> Records shown:
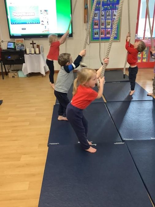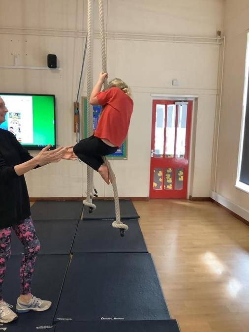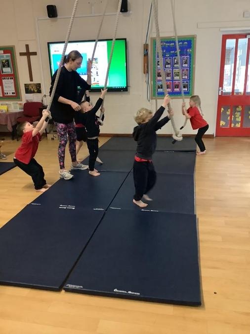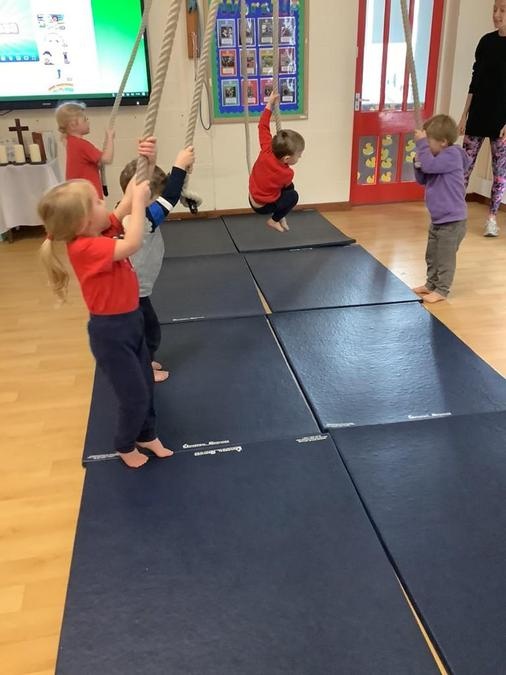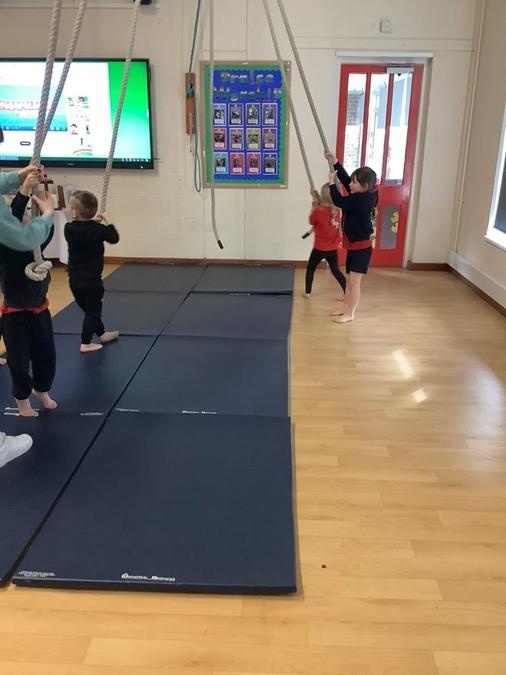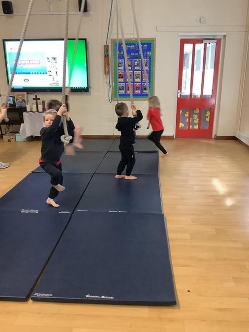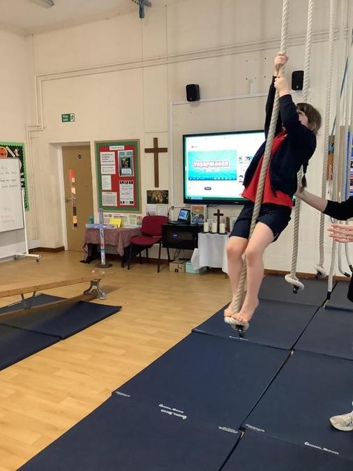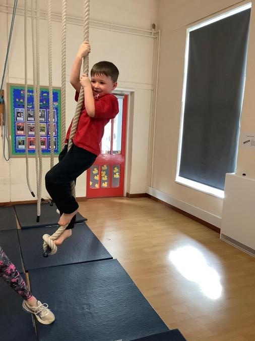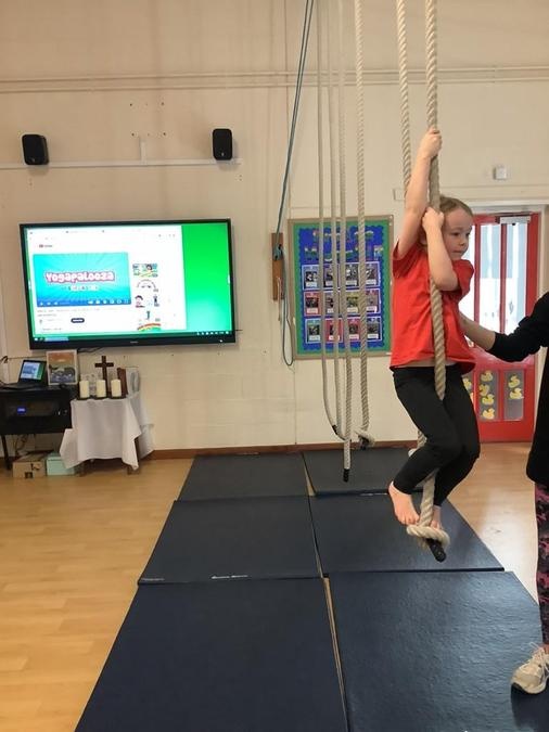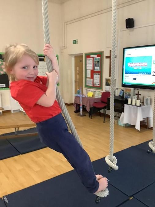 Every week in PE on a Wednesday, the children have been learning and developing their gymnastics skills with Mrs MacSwiney. They have been practising how to balance by walking up a balance bench, high jumps from an agility table to a safety mat , arm placement to show their finishing position and building strength in their arms, core and upper body to use the ropes.
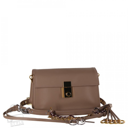 Эффектная модель, выполнена из натуральной кожи. Декорирована брелоками на ремне. Дополнена золотистой фурнитурой. Данная модель закрывается на клапан. Каркас полужёсткий. Носится на плече за встроенный ремень с регулировкой длины.
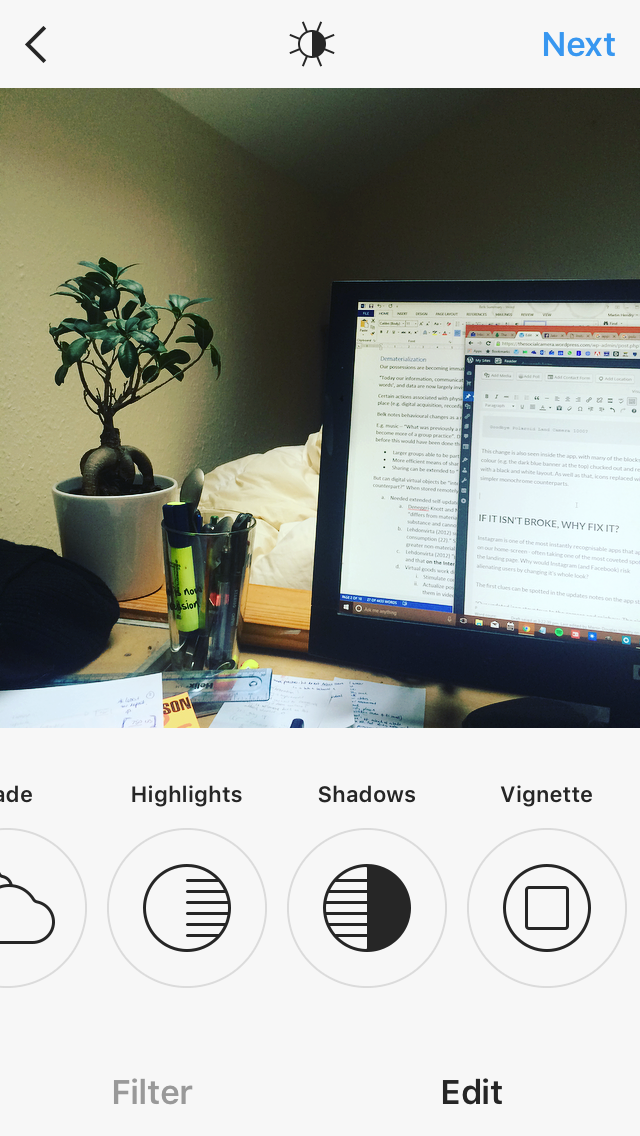 But now that Instagram has been established as a cultural phenomena in it’s own right – its design doesn’t need to explain what it does. We know already! So the ‘volume’ of skeuomorphism in it’s design can be ‘turned down’ from 11, to closer to a 3.
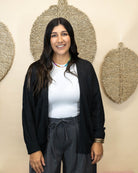 The Catch Feelings Cardigan is your go-to for effortless comfort and casual style. This simple black cardigan features cozy fabric and convenient pockets, perfect for everyday wear. Whether layered over your favorite outfit or worn on its own, it keeps you feeling relaxed and looking polished.
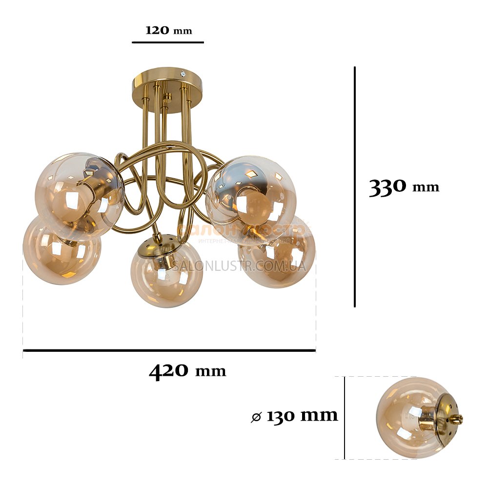 Висота: 33 см; ширина: 42 см; лампи: 5 х Е27 х 60 Вт.
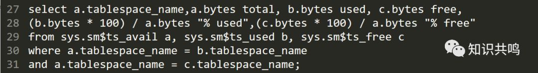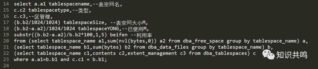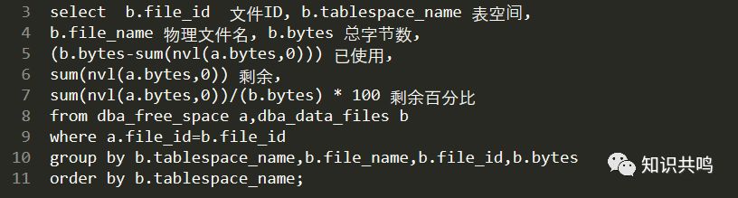 该语句通过查询dba_free_space,dba_data_files,dba_tablespaces这三个数据字典表,得到了表空间名称,表空间类型,区管理类型,以”兆”为单位的表空间大小,已使用的表空间大小及表空间利用率。dba_free_space表描述了表空间的空闲大小,dba_data_files表描述了数据库中的数据文件,dba_tablespaces表描述了数据库中的表空间。
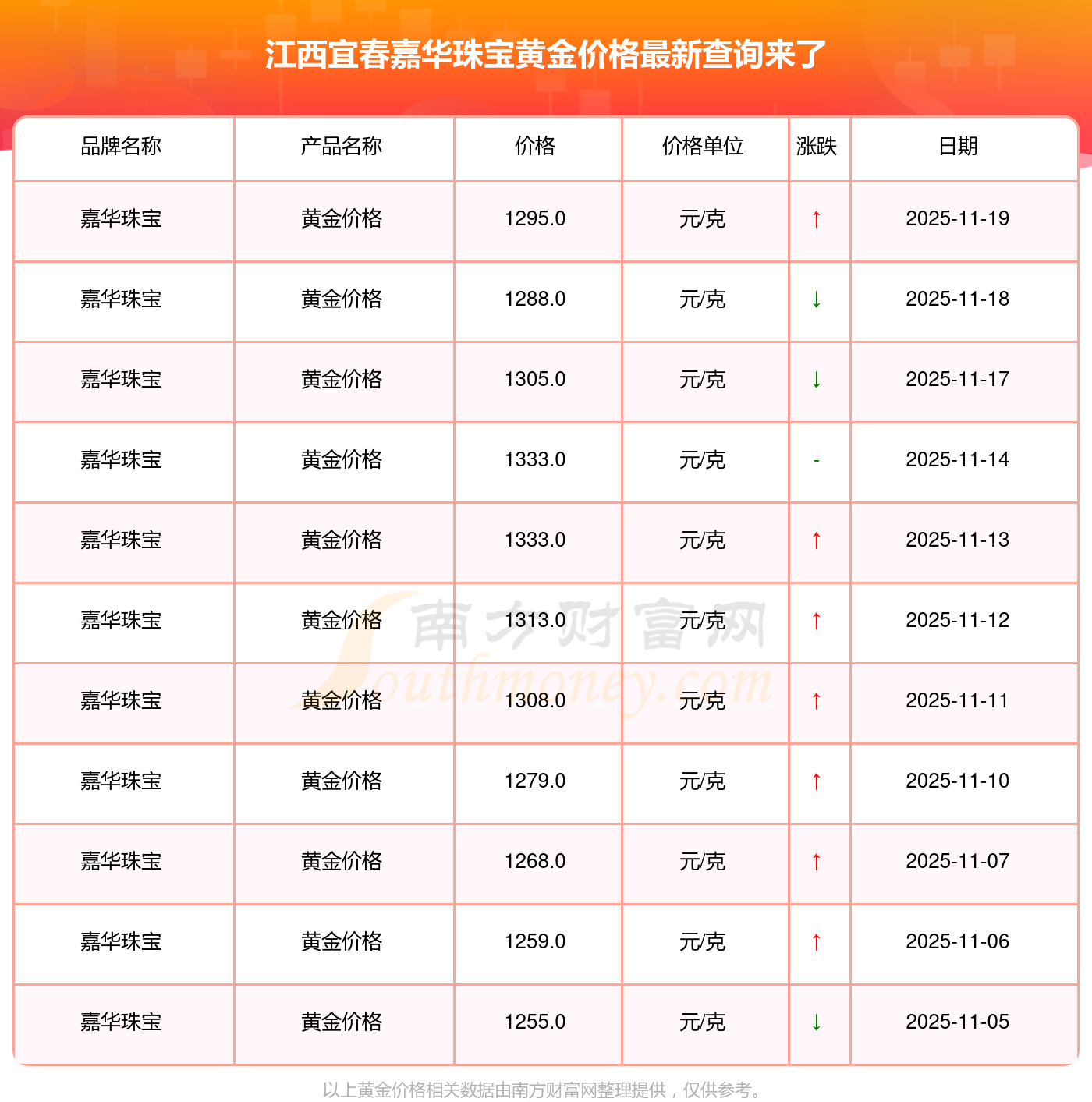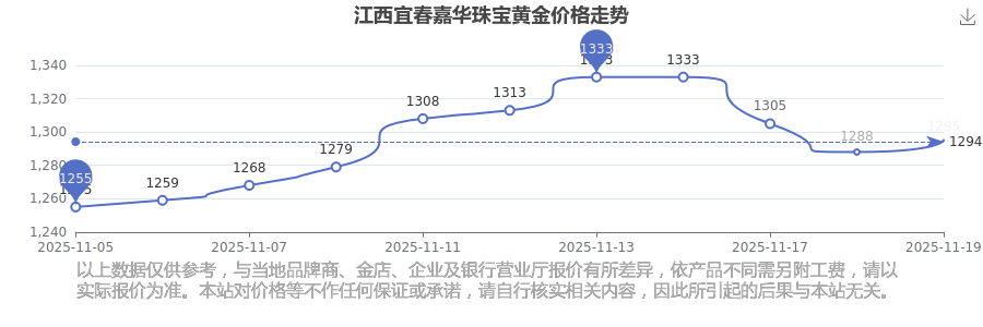 2025年11月19日,江西宜春嘉华珠宝所售黄金价格,其价格设定为 1295.0元/克。
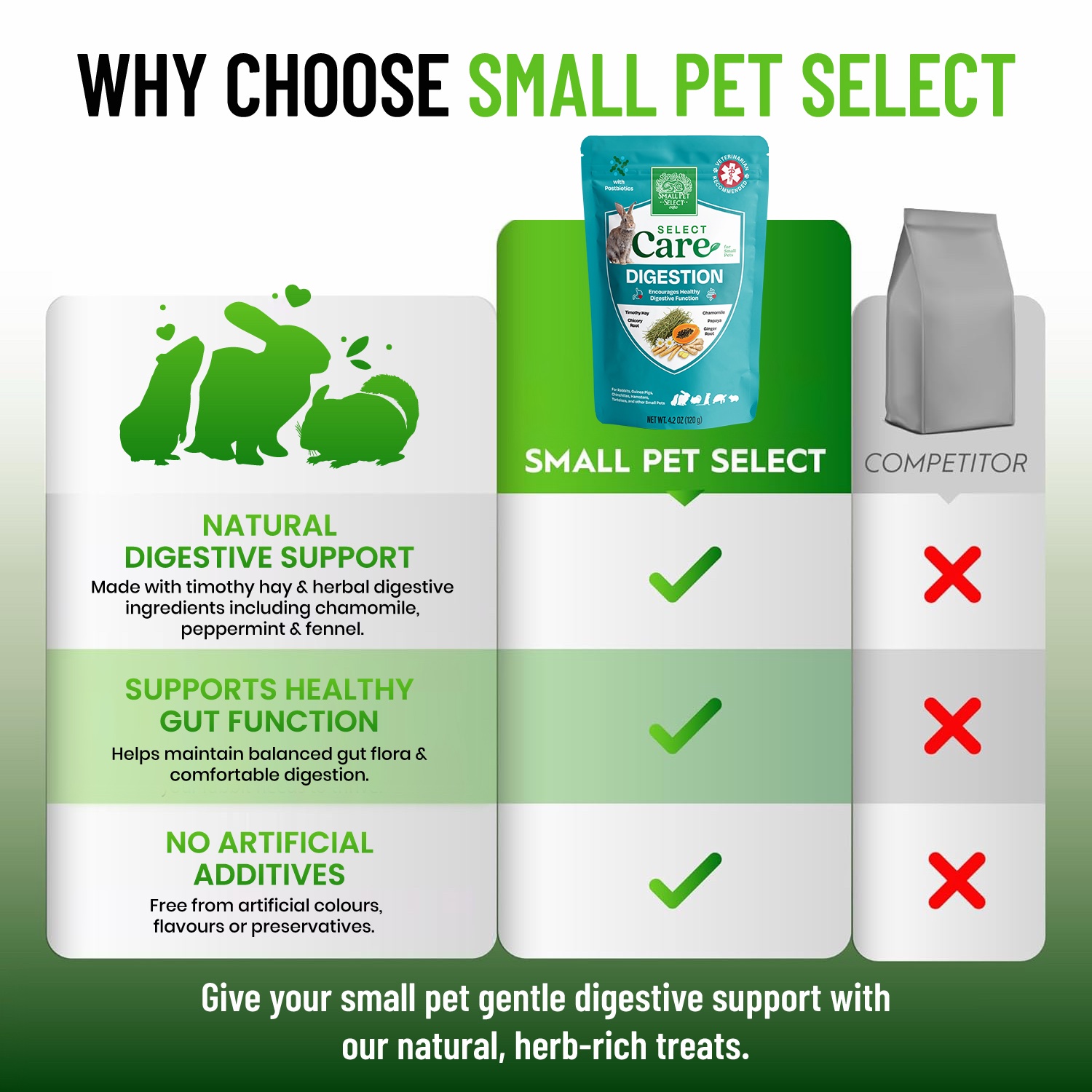 Help maintain your rabbit’s, guinea pig’s or chinchilla’s digestive wellness with Select Care – Digestive Health Support. This specially formulated supplement combines premium timothy hay with a carefully selected blend of digestive-supporting herbs known to promote healthy gut function, comfortable digestion and overall gastrointestinal wellbeing in small herbivores.
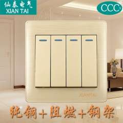 供应仙泰G5香槟色墙壁开关 | 四位开关单控 | 86型四联单控开关
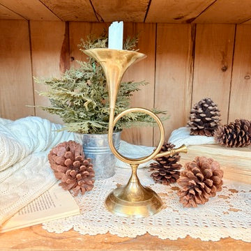 Cet élégant bougeoir en laiton arbore une silhouette distinctive en forme de trompette, apportant une touche de raffinement à votre décor festif. Son design intemporel et sa finition dorée en font un accessoire de choix pour créer une ambiance chaleureuse et sophistiquée durant les célébrations. Parfait pour mettre en valeur vos bougies préférées, il transforme tout espace en un cadre mémorable et lumineux.
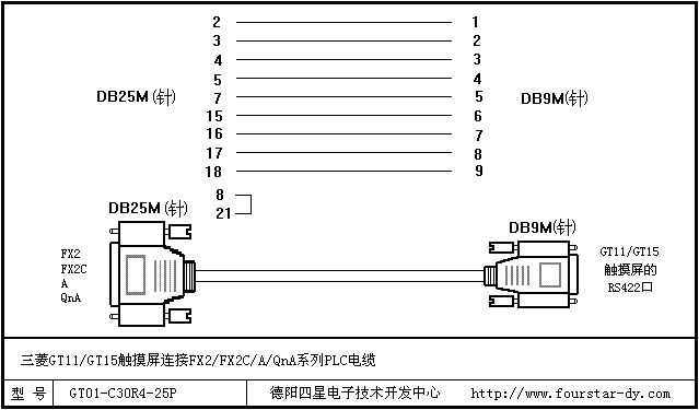 三菱GT11/GT15触摸屏连接FX3U/FX2N/FX1N系列PLC电缆
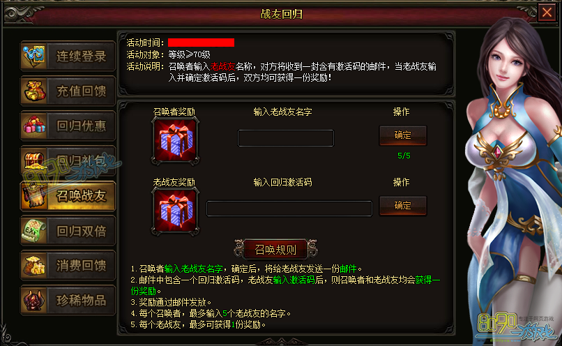 【活动说明】:召唤者输入老战友名称,对方将收到一封含有激活码的邮件,当老战友输入并确定激活码后,双方均可获得一份奖励!
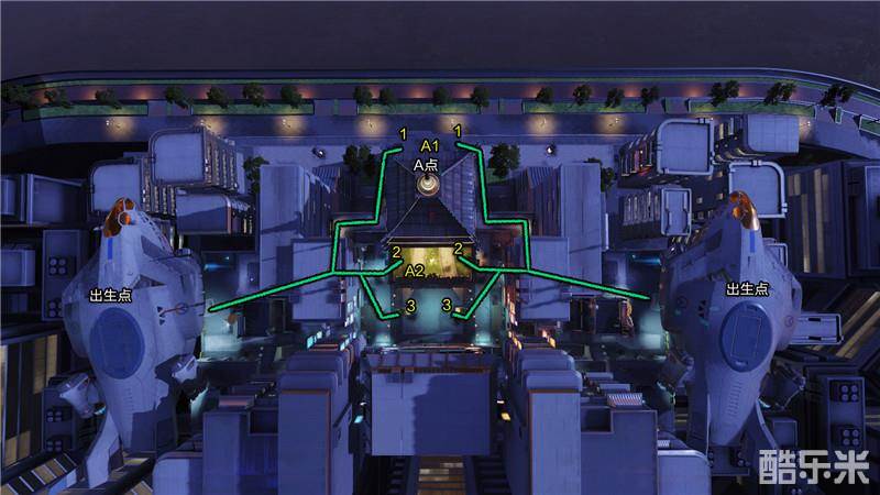 进攻线路有三条。线路1从A点上方绕路进攻。线路2从正面进攻,然后从A点的下方进入。线路三从右翼进攻,可配合线路2的队友推进。
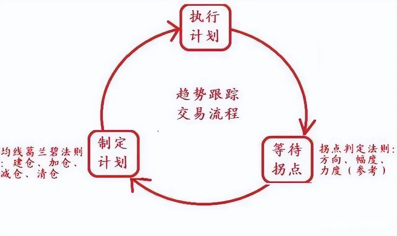 有了成熟的趋势跟踪系统,我们就可以按照下面的流程来进行交易:

> Directions for this task: Exactly reproduce the lines above, starting at the one that contains "该语句通过查询dba_fre" and ending at the one that contains "2025年11月19日,江西", both inclusive; leave the pictures out and add no other lines.

> Result:
 该语句通过查询dba_free_space,dba_data_files,dba_tablespaces这三个数据字典表,得到了表空间名称,表空间类型,区管理类型,以”兆”为单位的表空间大小,已使用的表空间大小及表空间利用率。dba_free_space表描述了表空间的空闲大小,dba_data_files表描述了数据库中的数据文件,dba_tablespaces表描述了数据库中的表空间。
 2025年11月19日,江西宜春嘉华珠宝所售黄金价格,其价格设定为 1295.0元/克。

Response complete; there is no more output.